DATA FOR THIS TASK:
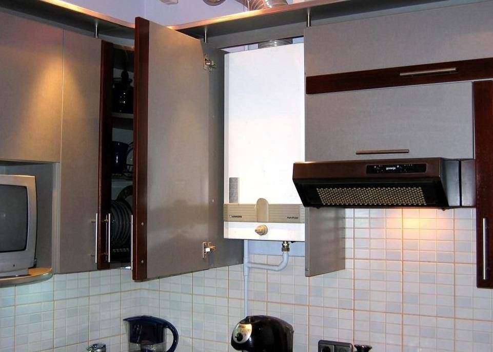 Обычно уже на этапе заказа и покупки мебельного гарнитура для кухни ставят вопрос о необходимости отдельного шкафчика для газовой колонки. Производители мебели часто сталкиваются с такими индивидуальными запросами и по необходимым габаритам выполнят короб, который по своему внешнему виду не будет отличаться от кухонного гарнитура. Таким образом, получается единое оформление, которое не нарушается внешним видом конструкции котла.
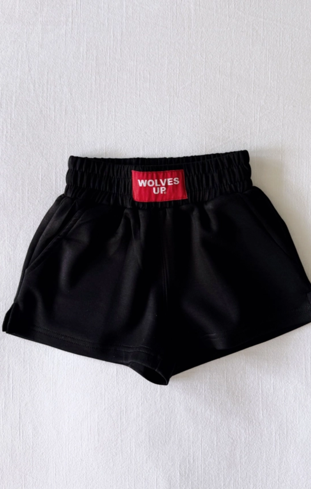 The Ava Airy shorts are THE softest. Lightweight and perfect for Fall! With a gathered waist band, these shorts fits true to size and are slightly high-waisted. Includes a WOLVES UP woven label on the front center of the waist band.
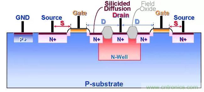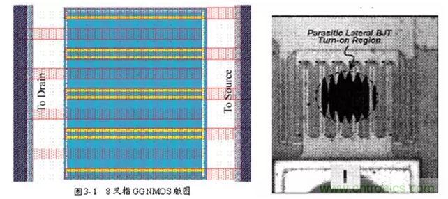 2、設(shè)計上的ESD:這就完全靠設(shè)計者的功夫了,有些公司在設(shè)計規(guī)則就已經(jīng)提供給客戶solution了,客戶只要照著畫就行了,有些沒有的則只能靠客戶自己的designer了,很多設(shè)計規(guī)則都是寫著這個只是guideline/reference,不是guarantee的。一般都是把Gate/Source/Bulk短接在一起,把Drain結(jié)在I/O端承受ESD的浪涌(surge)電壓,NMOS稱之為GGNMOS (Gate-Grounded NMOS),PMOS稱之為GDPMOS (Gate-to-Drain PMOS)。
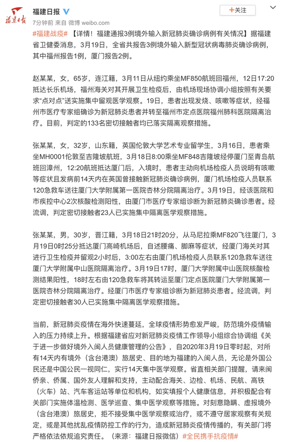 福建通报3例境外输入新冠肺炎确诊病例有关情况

--

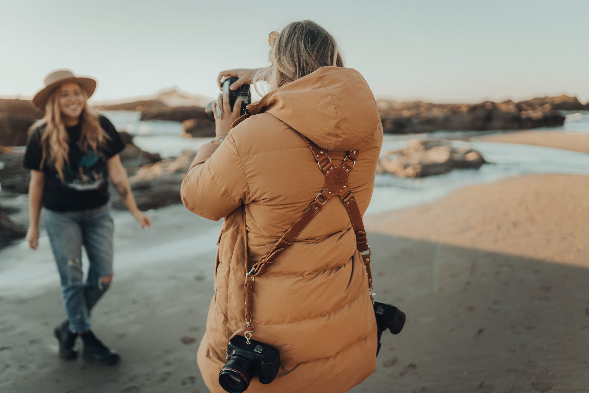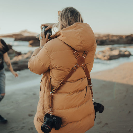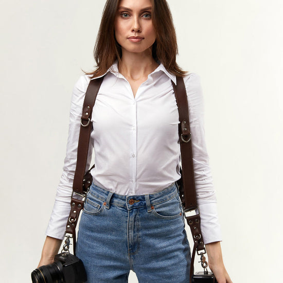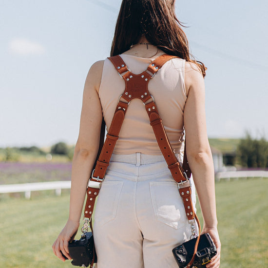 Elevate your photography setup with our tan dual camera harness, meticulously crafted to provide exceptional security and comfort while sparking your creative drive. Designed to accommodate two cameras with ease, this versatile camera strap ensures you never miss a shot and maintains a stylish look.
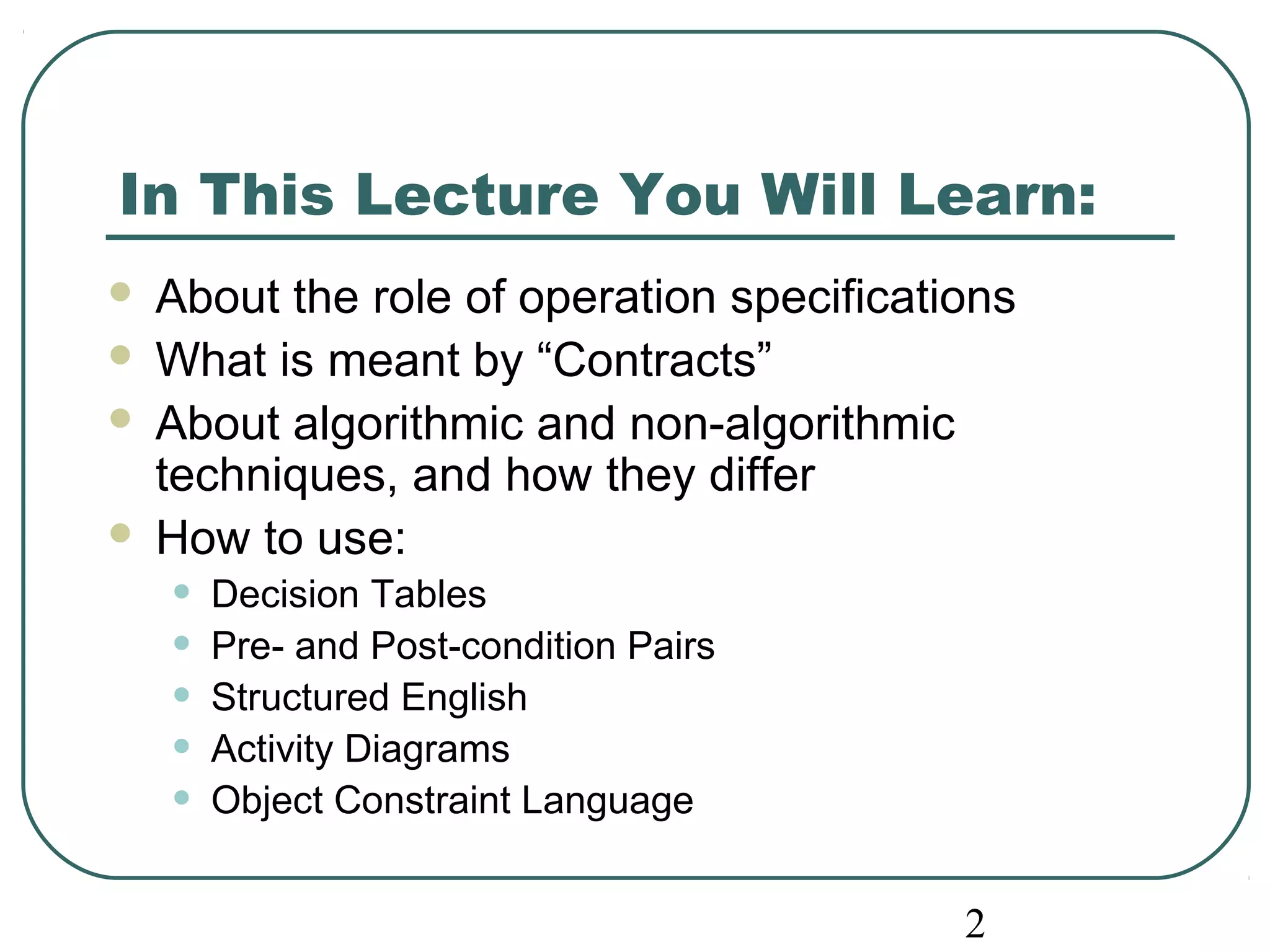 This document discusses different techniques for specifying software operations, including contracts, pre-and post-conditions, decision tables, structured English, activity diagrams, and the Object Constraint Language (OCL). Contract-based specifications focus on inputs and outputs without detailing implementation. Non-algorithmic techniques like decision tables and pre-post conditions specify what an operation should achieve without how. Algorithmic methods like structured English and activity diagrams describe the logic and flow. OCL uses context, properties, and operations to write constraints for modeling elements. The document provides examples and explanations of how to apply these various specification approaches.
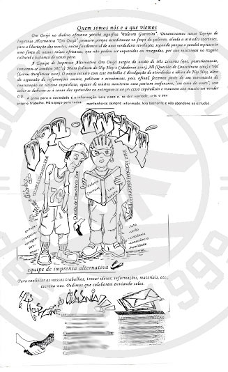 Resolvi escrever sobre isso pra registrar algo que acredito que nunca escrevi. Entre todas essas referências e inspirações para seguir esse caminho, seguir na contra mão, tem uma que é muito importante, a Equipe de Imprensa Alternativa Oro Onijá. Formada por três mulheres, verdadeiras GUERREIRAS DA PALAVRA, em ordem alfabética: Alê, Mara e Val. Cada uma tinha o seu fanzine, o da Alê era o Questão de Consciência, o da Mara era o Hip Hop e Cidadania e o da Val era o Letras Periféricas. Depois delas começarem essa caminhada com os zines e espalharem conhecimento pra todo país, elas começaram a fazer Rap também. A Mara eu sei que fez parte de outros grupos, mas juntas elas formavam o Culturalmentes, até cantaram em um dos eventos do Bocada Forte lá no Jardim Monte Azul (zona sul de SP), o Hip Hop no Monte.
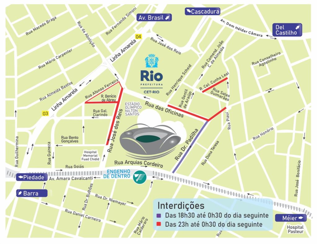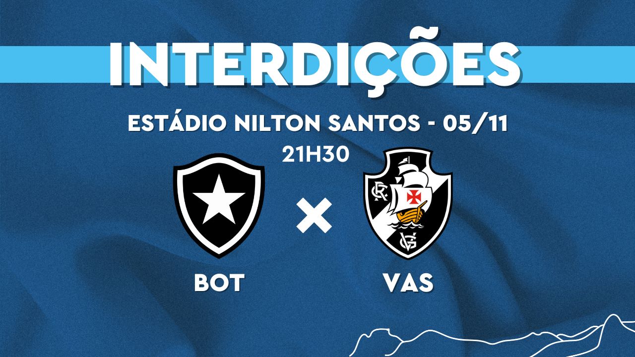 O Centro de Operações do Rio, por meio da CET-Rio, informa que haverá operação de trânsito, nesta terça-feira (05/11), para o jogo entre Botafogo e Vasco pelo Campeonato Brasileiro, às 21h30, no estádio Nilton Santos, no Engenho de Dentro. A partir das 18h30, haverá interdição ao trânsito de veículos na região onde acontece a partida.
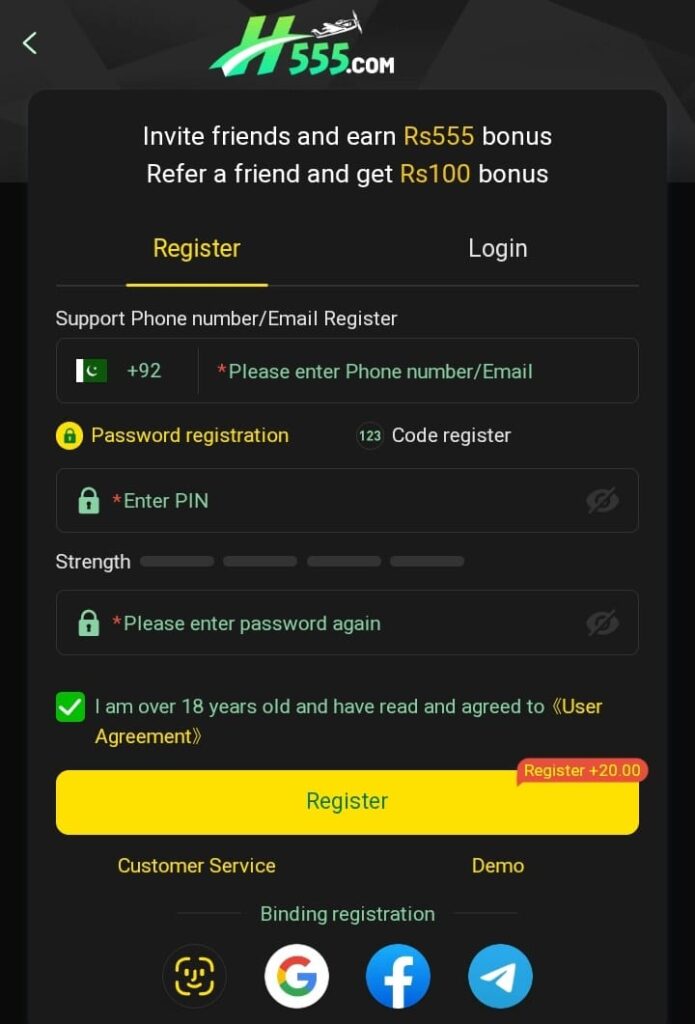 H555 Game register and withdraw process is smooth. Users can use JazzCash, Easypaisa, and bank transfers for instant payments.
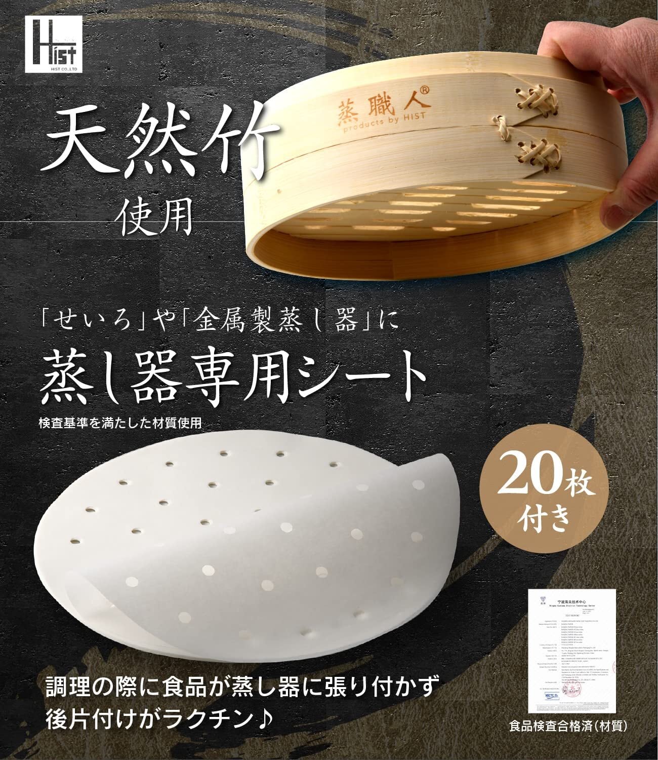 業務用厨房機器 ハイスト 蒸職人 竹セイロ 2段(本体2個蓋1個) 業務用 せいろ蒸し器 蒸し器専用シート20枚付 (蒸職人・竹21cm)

---

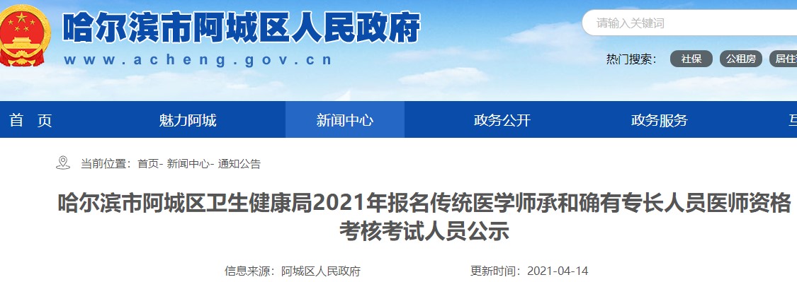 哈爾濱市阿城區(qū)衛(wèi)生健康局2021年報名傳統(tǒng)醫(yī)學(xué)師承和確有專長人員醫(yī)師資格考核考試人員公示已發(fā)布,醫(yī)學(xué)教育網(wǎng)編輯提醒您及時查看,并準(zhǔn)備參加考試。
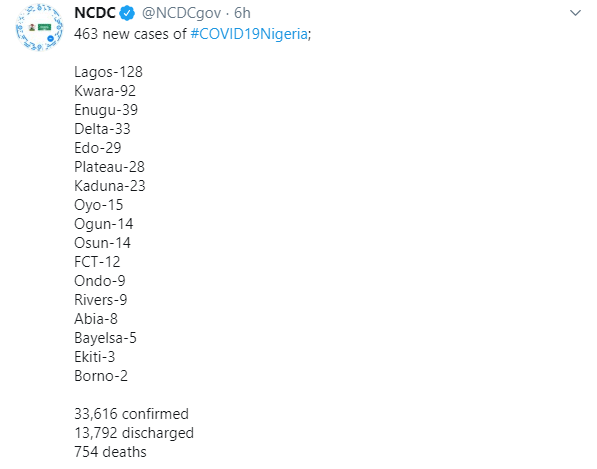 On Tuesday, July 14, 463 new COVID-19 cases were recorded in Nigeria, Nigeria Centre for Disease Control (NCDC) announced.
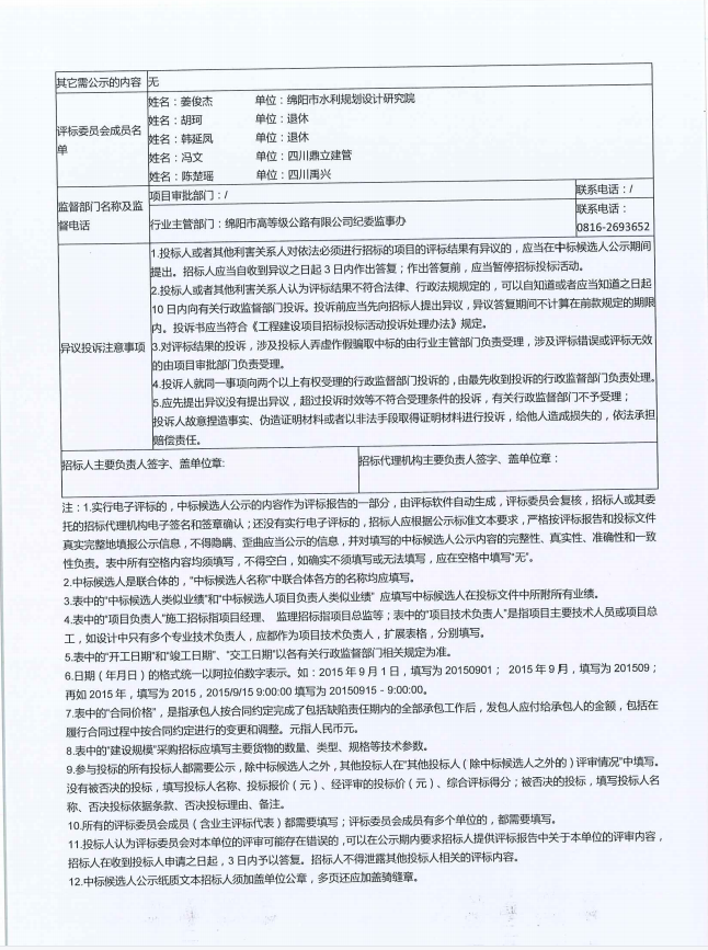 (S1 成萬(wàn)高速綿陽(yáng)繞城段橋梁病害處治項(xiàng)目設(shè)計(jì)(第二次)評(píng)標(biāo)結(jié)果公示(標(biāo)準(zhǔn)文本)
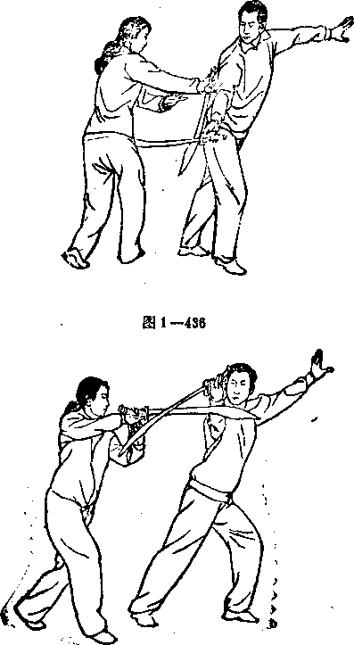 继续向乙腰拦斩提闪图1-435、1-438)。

REQUIRED WORK:
Exactly as written above, retype the lines starting at the one holding "On Tuesday, July" and ending at the one holding "继续向乙腰拦斩提闪图1-435、1-438)。", both included, but not the pictures.

REPLY:
 On Tuesday, July 14, 463 new COVID-19 cases were recorded in Nigeria, Nigeria Centre for Disease Control (NCDC) announced.
 (S1 成萬(wàn)高速綿陽(yáng)繞城段橋梁病害處治項(xiàng)目設(shè)計(jì)(第二次)評(píng)標(biāo)結(jié)果公示(標(biāo)準(zhǔn)文本)
 继续向乙腰拦斩提闪图1-435、1-438)。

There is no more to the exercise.